↓↓↓

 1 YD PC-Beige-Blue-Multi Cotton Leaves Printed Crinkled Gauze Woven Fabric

↑↑↑
↓↓↓

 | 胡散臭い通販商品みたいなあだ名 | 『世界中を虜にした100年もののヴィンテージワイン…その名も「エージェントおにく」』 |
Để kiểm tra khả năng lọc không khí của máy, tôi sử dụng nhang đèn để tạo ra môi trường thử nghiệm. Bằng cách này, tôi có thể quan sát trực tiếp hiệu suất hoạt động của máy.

↑↑↑

» Your instructions
Please give back, exactly as it stands above, the stretch from the line with "胡散臭い通販商品みたいなあだ名 | 『世界中を虜にした100年もののヴィンテージワイン…その名も「エージェントおにく」』 |" through the line with "Để kiểm tra", and no line outside it.

» Output for this task
 | 胡散臭い通販商品みたいなあだ名 | 『世界中を虜にした100年もののヴィンテージワイン…その名も「エージェントおにく」』 |
Để kiểm tra khả năng lọc không khí của máy, tôi sử dụng nhang đèn để tạo ra môi trường thử nghiệm. Bằng cách này, tôi có thể quan sát trực tiếp hiệu suất hoạt động của máy.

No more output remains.